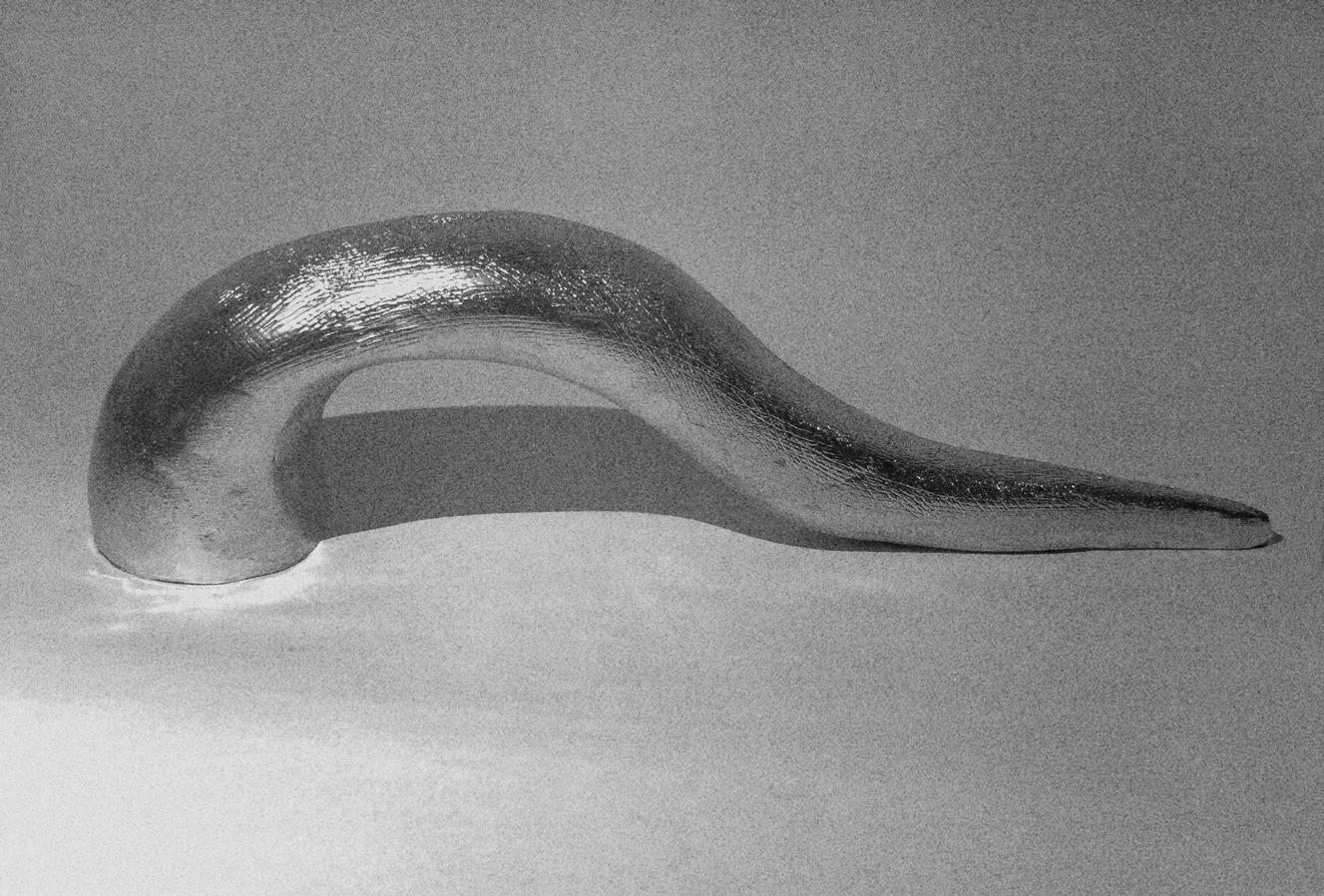 Located on a dividing strip where the roadside space lacks illumination, the sculpture serves a primary function of light dispersion. It acts as a dynamic light source, interacting with the vehicle headlights that cast across its surface. The sculpture’s surface is varied: rough areas on both the exterior and interior are evenly illuminated, while the convex surfaces remain smooth. This interplay of textures and light enhances the sculpture’s form, which is influenced by its physical properties and the perspective from passing vehicles. The model is scaled at 1:25, constructed from clay, and finished with a spray coating.
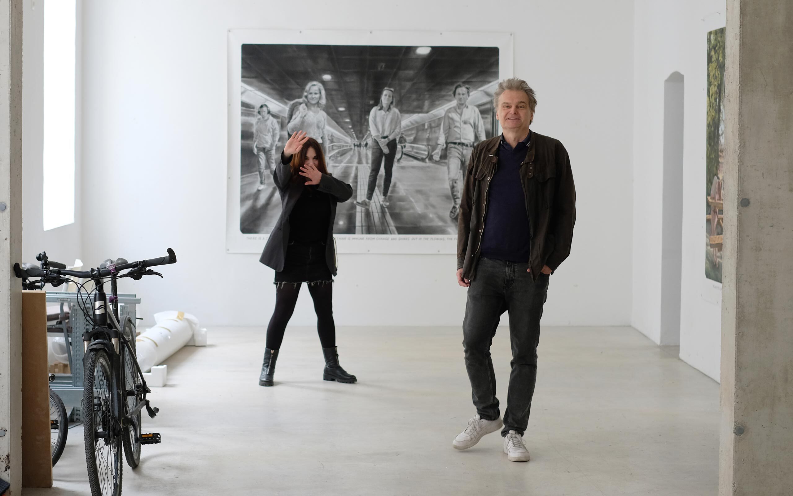 M: Wir haben uns ein Atelier geteilt, und es gab diese Periode des Nebeneinander-Arbeitens, wo jeder für sich Werke produziert hat. Aber dann ist es organisch langsam zusammengewachsen, sodass man eingegriffen hat in die Arbeit des anderen oder dass es zu Überschneidungen kam. Es ist ein Glücksfall, auch wenn es Diskussionen im Vorfeld in der Bildfindung gab, aber sonst gab es nie ein Fragezeichen. Und dadurch war es überhaupt erst möglich, diese Zusammenarbeit zu beginnen.
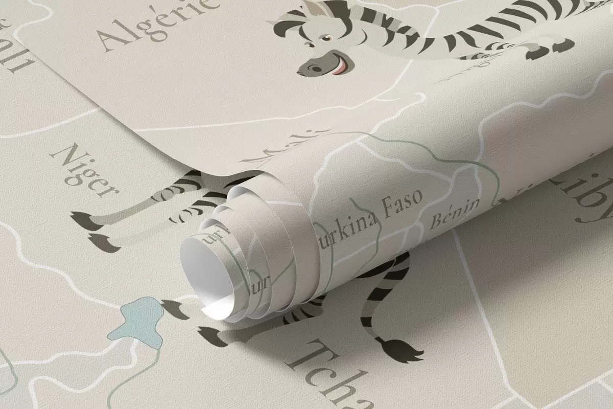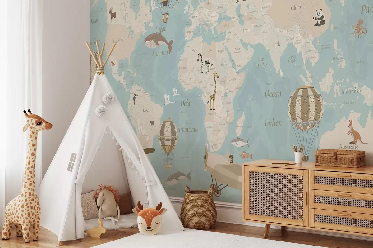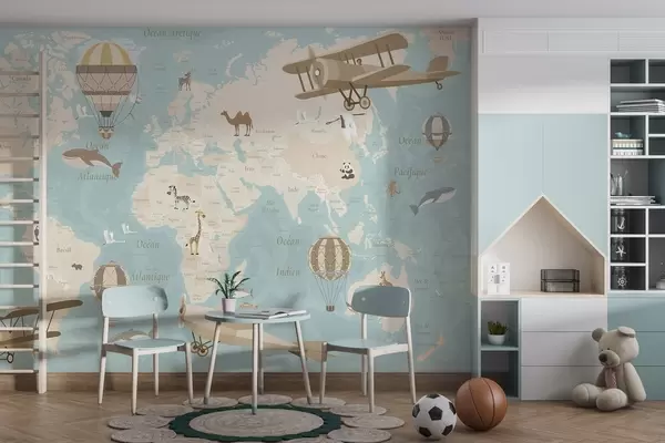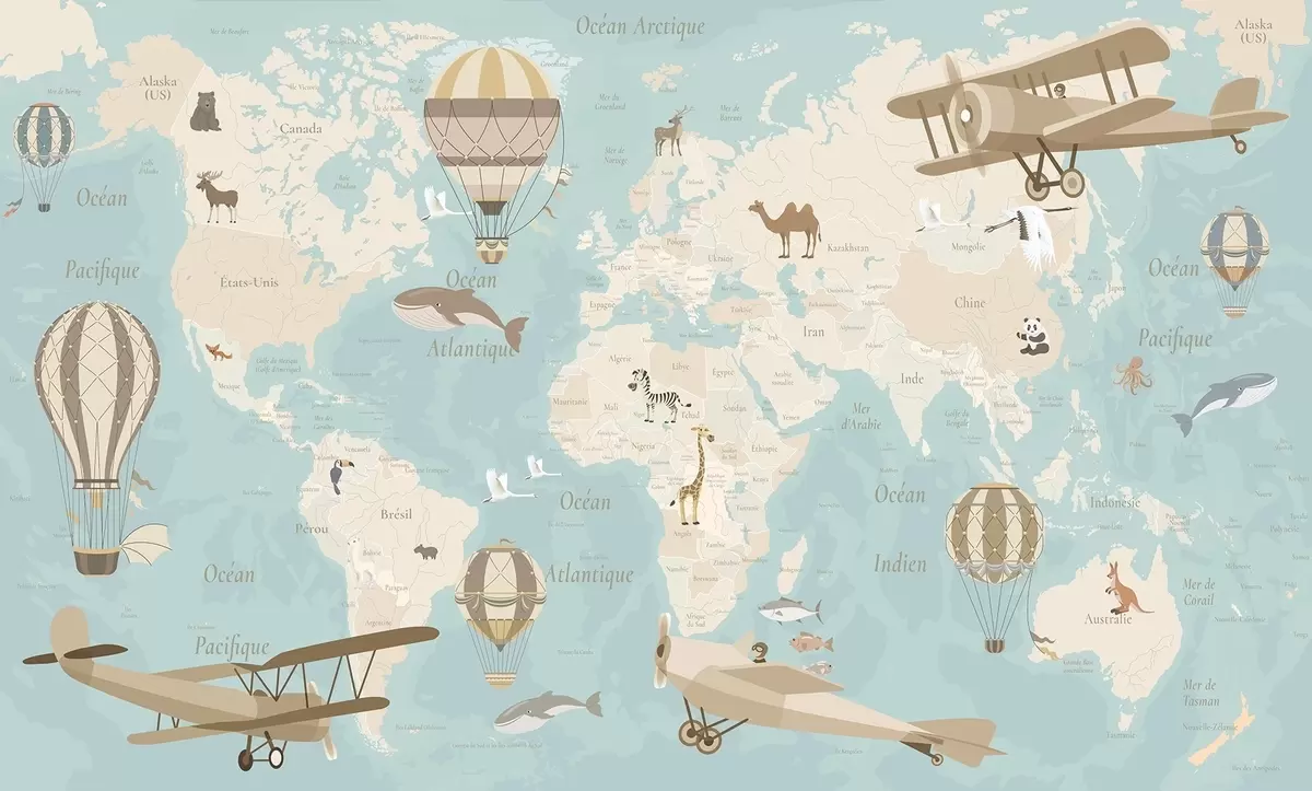 Murais de parede Mapa-múndi infantil com animais, aviões e balões de ar quente. Língua francesa. Cor azul Nr. c00003frv1

__To do__.
Pictures are to be omitted; otherwise, write out the data exactly as it appears.

__Answer for the task__.
 Located on a dividing strip where the roadside space lacks illumination, the sculpture serves a primary function of light dispersion. It acts as a dynamic light source, interacting with the vehicle headlights that cast across its surface. The sculpture’s surface is varied: rough areas on both the exterior and interior are evenly illuminated, while the convex surfaces remain smooth. This interplay of textures and light enhances the sculpture’s form, which is influenced by its physical properties and the perspective from passing vehicles. The model is scaled at 1:25, constructed from clay, and finished with a spray coating.
 M: Wir haben uns ein Atelier geteilt, und es gab diese Periode des Nebeneinander-Arbeitens, wo jeder für sich Werke produziert hat. Aber dann ist es organisch langsam zusammengewachsen, sodass man eingegriffen hat in die Arbeit des anderen oder dass es zu Überschneidungen kam. Es ist ein Glücksfall, auch wenn es Diskussionen im Vorfeld in der Bildfindung gab, aber sonst gab es nie ein Fragezeichen. Und dadurch war es überhaupt erst möglich, diese Zusammenarbeit zu beginnen.
 Murais de parede Mapa-múndi infantil com animais, aviões e balões de ar quente. Língua francesa. Cor azul Nr. c00003frv1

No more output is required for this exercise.